I work in an area where we typically deal with observational data, largely nonprobability samples, in order to create descriptive trends (i.e. inferences about changes over time in broader populations). I have many stats reference books, read many papers etc., but I have found it difficult to find a reference clearly outlining the difference between (asymptotic) biases in estimators and systematic biases that result from things like model misspecification (e.g. confounding) or non-random sampling. I have already bought quite a lot of stats books, but often this topic is not dealt with as explicitly as I hoped. I wonder whether datamethods readers could provide recommendations for books or papers that clearly and explicitly deal with this issue of these two broad types of bias (and note that I am more interested in descriptive inference than causal inference – I have many texts on the latter). (I should add that I understand the difference, I just lack a “canonical” reference!)
Does this help?
Thanks. My understanding of this is that it is a catalogue of different types of systematic biases that can occur in health research. What I am looking for is a reference that clearly states the difference between the use of the word “bias” to refer to biased estimators in terms of classical theory, and the use of the word “bias” to refer to these types of systematic measurement error.

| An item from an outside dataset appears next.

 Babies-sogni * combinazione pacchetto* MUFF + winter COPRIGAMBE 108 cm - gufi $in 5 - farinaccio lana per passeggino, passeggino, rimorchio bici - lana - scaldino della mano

whuber clearly notes the difference here, but I’m looking for something “canonical” that is better for citing in academic work.
I am currently writing an article for medical readers on exactly these distinctions and how they affect clinical practice but it will probably take a few months to come out. The typical statistical definition of bias as the difference between the average value of the estimator and true value of the target parameter is indeed not granular enough. The epidemiology literature instead defines bias as the systematic error, i.e., the nonrandom difference between an estimate and the true value of the target parameter. Textbooks such as this one do a great job deconvoluting error types. This overview of hierarchical modeling is not necessarily as detailed, but is certainly cognizant of these distinctions. Hope this helps.

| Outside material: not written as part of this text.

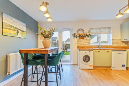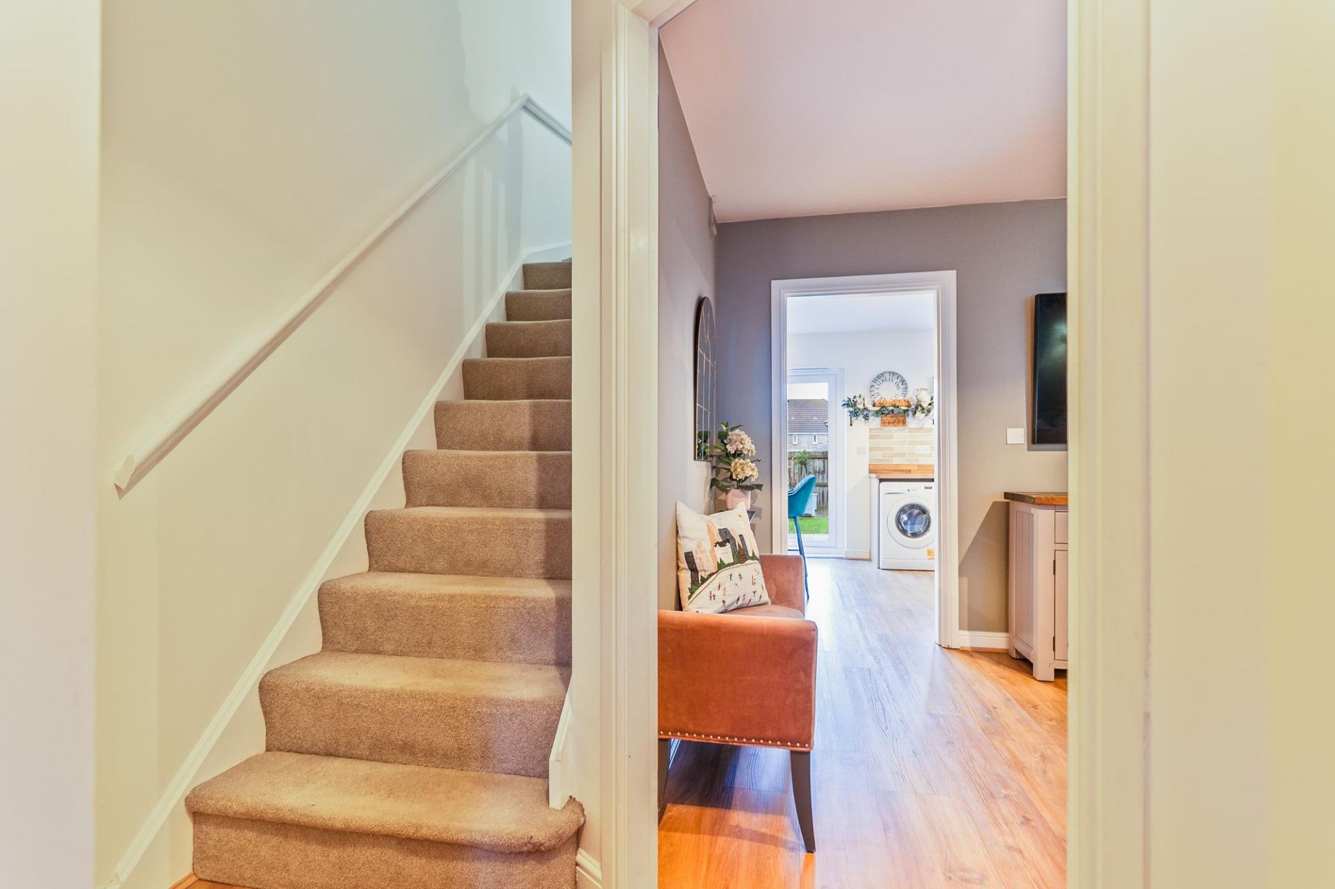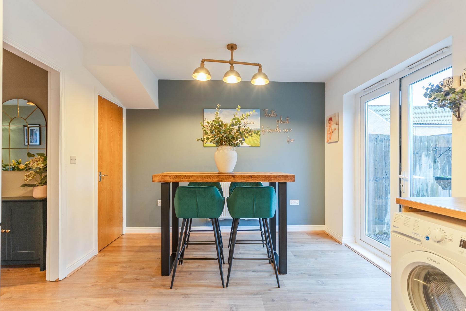 Upon entering the property, you are welcomed into a hallway with a convenient cloakroom positioned to the left, along with access to the main living area and the staircase leading to the first floor. The living room is well presented and offers ample space for a variety of seating arrangements, creating a comfortable environment for relaxation. To the rear of the home is the open-plan kitchen/diner, featuring a good-sized fitted kitchen with plenty of storage and worktop space. Patio doors open directly onto the rear garden, allowing natural light to flood the space and creating an ideal setting for family dining and entertaining.

I remember reading something about this by @sander awhile back, and posted some links in this thread; the articles make a subtle distinction between bias and confounding…

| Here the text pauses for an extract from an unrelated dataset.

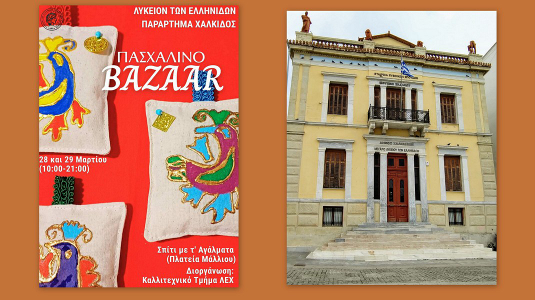 Με το παραδοσιακό μήνυμα «Σήμερα Ντούλα μ΄ πασχαλιά, σήμερα πανηγύρι!», το Καλλιτεχνικό Τμήμα του Λυκείου των Ελληνίδων Χαλκίδας διοργανώνει το καθιερωμένο Πασχαλινό του Μπαζάρ, προσκαλώντας μικρούς και μεγάλους σε ένα γιορτινό διήμερο.

Thanks @Pavlos_Msaouel chapter 2 of James et al. (available here) is a very useful overview, and Sander Greenland’s writing always contains numerous fascinating insights. Ideally I would find something that was, however, even more explicit than these about the distinction/link between these two conceptions of bias. I think I can see, however, that the irreducible error of James et al. could contain systematic pattern, and I can also see various places where the Greenland paper alludes to this aspect of inference. No doubt it is just a case of citing a few different sources, and making my own definition clear in what I write.
And thanks @R_cubed . Yes, I see the link to aspects of exchangeability etc. I have read a few papers/books where the link between causal inference in observational settings (adjusting for confounders) and extrapolating from nonprobability samples to target population (adjusting for selection bias) is made. I’ll be interested to read that thread and learn more.
Yup, exactly. Because the definitions can be so widely different between fields, but at the same time the topic is so multi-disciplinary, you have to cite different resources and explicitly state your definitions. That is what I am currently doing as well.
And you are exactly right to observe how @Sander alludes to irreducible error and its features throughout his writings without explicitly calling it as such, as far as I can tell. But he can correct me if I missed it somewhere.